- **Work required**:
All lines below must be repeated exactly, with the pictures omitted.

- **Dataset extract**:
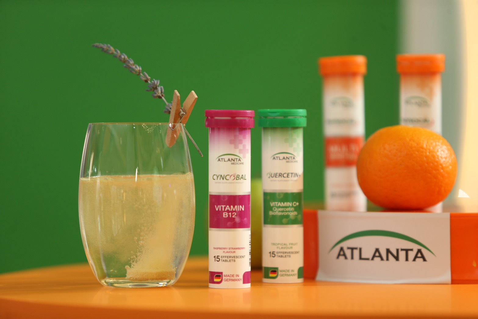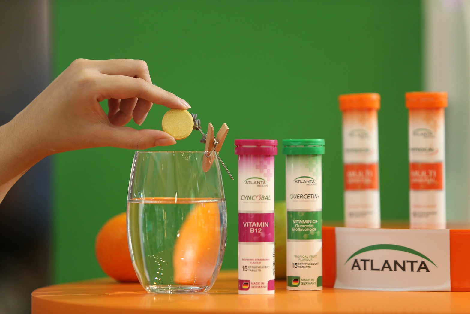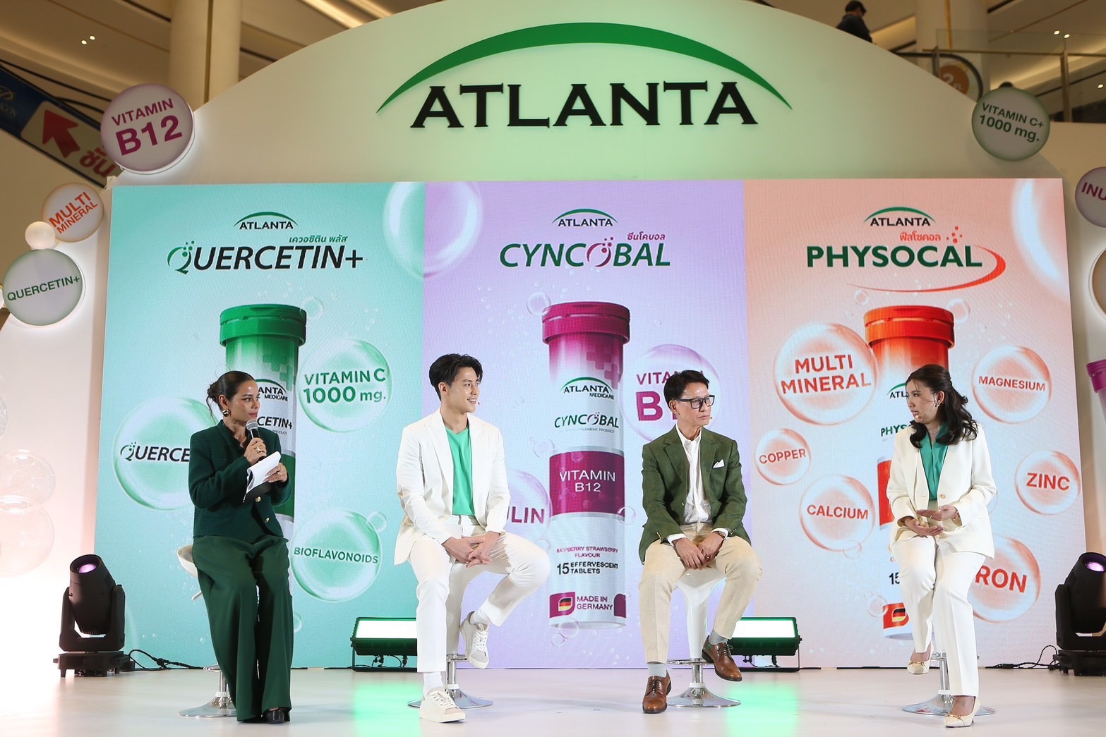 สำหรับผลิตภัณฑ์เสริมอาหาร “วิตามินเม็ดฟู่ดูดซึมเร็ว” แบรนด์แอตแลนต้า เพื่อการดูแลสุขภาพแบบครบทุกมิติ ตอบโจทย์คนยุคใหม่ที่ต้องการทั้งความสะดวกและสุขภาพที่แข็งแรงในทุก ๆ วัน มีให้เลือก 3 สูตร ได้แก่ Quercetin+ รสทรอปิคัลฟรุ๊ต ผสานเควอซิติน วิตามินซี 1,000 มล. และไบโอฟลาโวนอยด์จากส้ม ช่วยเสริมภูมิคุ้มกัน บำรุงการทำงานของปอด ทั้งยังช่วยส่งเสริมการปกป้องระบบทางเดินหายใจจากฝุ่น PM 2.5, Cyncobal รสราสเบอร์รี่-สตรอว์เบอร์รี่ อุดมด้วยวิตามินบี12 และอินูลิน มีส่วนช่วยบำรุงระบบประสาทและสมอง ป้องกันโรคอัลไซเมอร์ และอาการอ่อนเพลีย และ Physocal รสส้ม ที่ผสานมัลติ-มิเนอรัลช่วยรักษาสมดุลของแร่ธาตุในร่างกายและช่วยปลดล็อกศักยภาพของร่างกายให้พร้อมรับทุกความท้าทายในแต่ละวัน
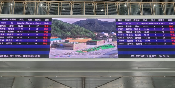 今天上午,记者在连云港火车站购票大厅看到,显示屏上显示,G8316连云港—徐州东、G4291兰州西—连云港、G2084荣成—武汉、G289长沙南—青岛、G2261银川—青岛北、G1849长沙南—烟台、G4292连云港—兰州西、G2683兰州西—威海等多趟旅客列车停运。据了解,7月21日,连云港火车站共停运列车43趟,其中受郑州暴雨影响导致列车停运37趟。
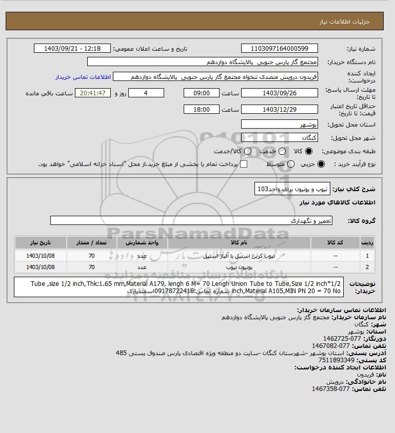 شرح کلی نیاز: تیوب و یونیون برای واحد103
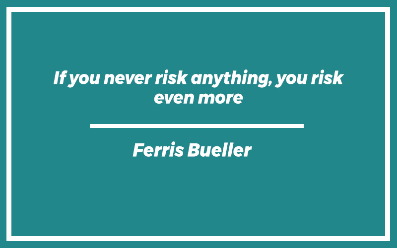 “If you never risk anything, you risk even more.” – Ferris Bueller

- **Exercise result**:
 สำหรับผลิตภัณฑ์เสริมอาหาร “วิตามินเม็ดฟู่ดูดซึมเร็ว” แบรนด์แอตแลนต้า เพื่อการดูแลสุขภาพแบบครบทุกมิติ ตอบโจทย์คนยุคใหม่ที่ต้องการทั้งความสะดวกและสุขภาพที่แข็งแรงในทุก ๆ วัน มีให้เลือก 3 สูตร ได้แก่ Quercetin+ รสทรอปิคัลฟรุ๊ต ผสานเควอซิติน วิตามินซี 1,000 มล. และไบโอฟลาโวนอยด์จากส้ม ช่วยเสริมภูมิคุ้มกัน บำรุงการทำงานของปอด ทั้งยังช่วยส่งเสริมการปกป้องระบบทางเดินหายใจจากฝุ่น PM 2.5, Cyncobal รสราสเบอร์รี่-สตรอว์เบอร์รี่ อุดมด้วยวิตามินบี12 และอินูลิน มีส่วนช่วยบำรุงระบบประสาทและสมอง ป้องกันโรคอัลไซเมอร์ และอาการอ่อนเพลีย และ Physocal รสส้ม ที่ผสานมัลติ-มิเนอรัลช่วยรักษาสมดุลของแร่ธาตุในร่างกายและช่วยปลดล็อกศักยภาพของร่างกายให้พร้อมรับทุกความท้าทายในแต่ละวัน
 今天上午,记者在连云港火车站购票大厅看到,显示屏上显示,G8316连云港—徐州东、G4291兰州西—连云港、G2084荣成—武汉、G289长沙南—青岛、G2261银川—青岛北、G1849长沙南—烟台、G4292连云港—兰州西、G2683兰州西—威海等多趟旅客列车停运。据了解,7月21日,连云港火车站共停运列车43趟,其中受郑州暴雨影响导致列车停运37趟。
 شرح کلی نیاز: تیوب و یونیون برای واحد103
 “If you never risk anything, you risk even more.” – Ferris Bueller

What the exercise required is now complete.